Data supplied:
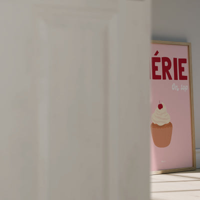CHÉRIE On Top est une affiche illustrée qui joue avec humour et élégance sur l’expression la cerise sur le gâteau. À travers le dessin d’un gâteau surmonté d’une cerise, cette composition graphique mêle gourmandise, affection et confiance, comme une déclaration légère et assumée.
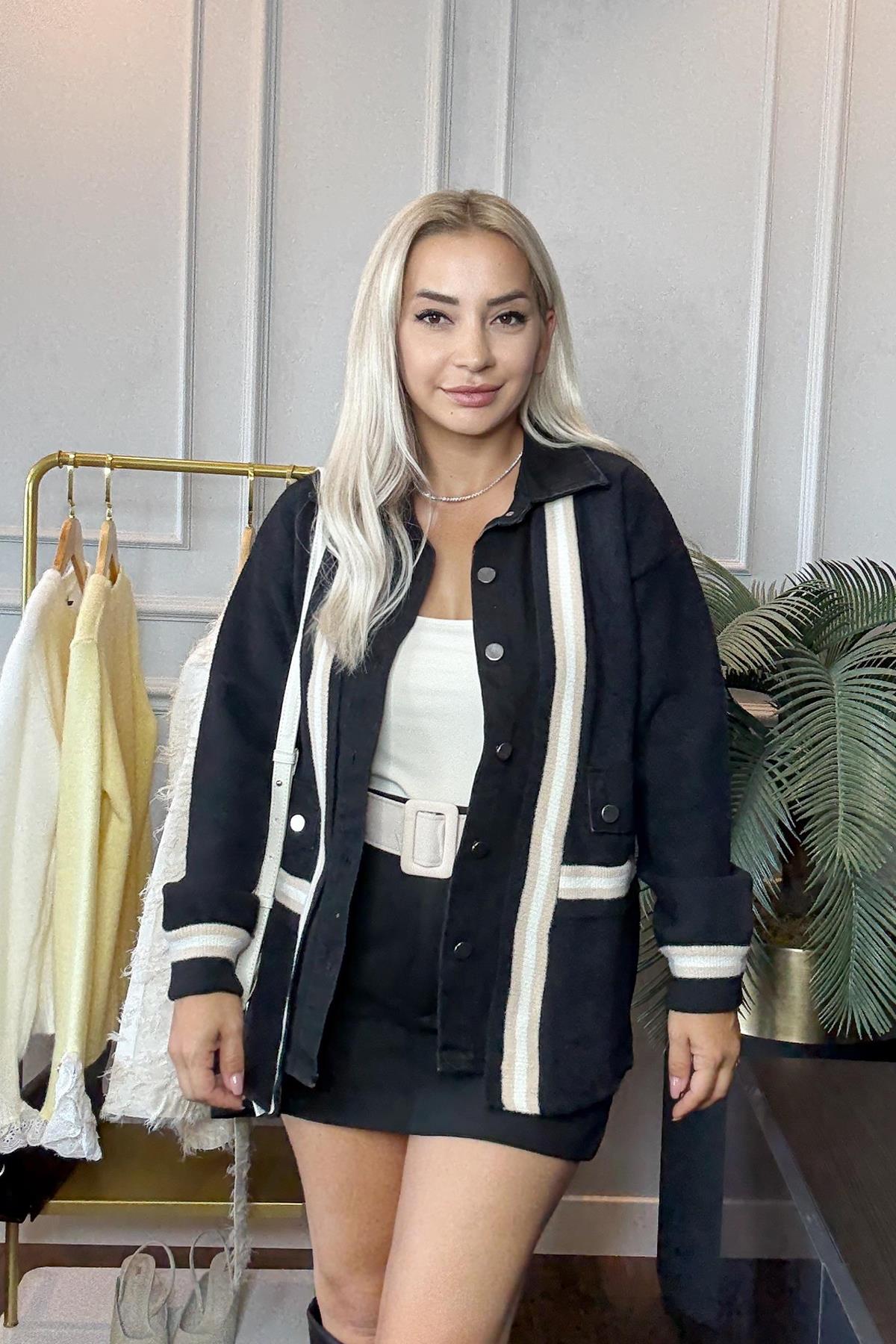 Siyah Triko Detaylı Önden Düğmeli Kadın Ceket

==

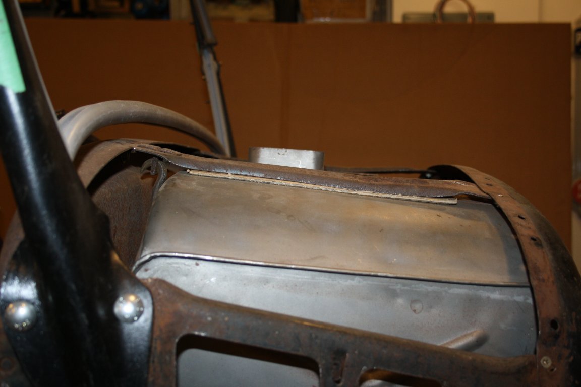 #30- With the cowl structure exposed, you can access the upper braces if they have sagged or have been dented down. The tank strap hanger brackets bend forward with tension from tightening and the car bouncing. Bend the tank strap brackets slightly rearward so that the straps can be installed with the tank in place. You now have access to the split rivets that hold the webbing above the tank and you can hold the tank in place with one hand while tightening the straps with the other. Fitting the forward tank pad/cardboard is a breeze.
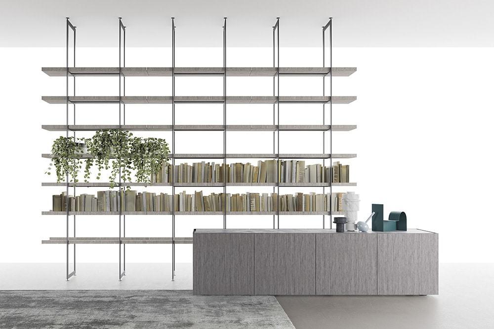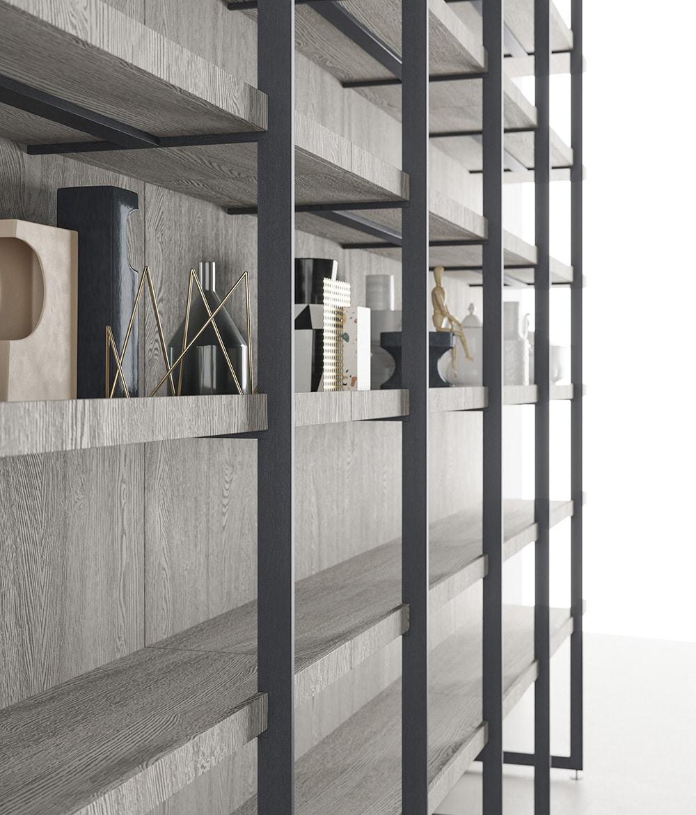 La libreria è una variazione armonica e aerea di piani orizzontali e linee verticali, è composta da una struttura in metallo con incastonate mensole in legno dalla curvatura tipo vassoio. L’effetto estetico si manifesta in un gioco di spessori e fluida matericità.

What is expected: Go back to the listing above and write out the lines starting at the one with "CHÉRIE On Top" and ending at the one with "Siyah Triko Detaylı", inclusive, exactly and without pictures.

Result below:
CHÉRIE On Top est une affiche illustrée qui joue avec humour et élégance sur l’expression la cerise sur le gâteau. À travers le dessin d’un gâteau surmonté d’une cerise, cette composition graphique mêle gourmandise, affection et confiance, comme une déclaration légère et assumée.
 Siyah Triko Detaylı Önden Düğmeli Kadın Ceket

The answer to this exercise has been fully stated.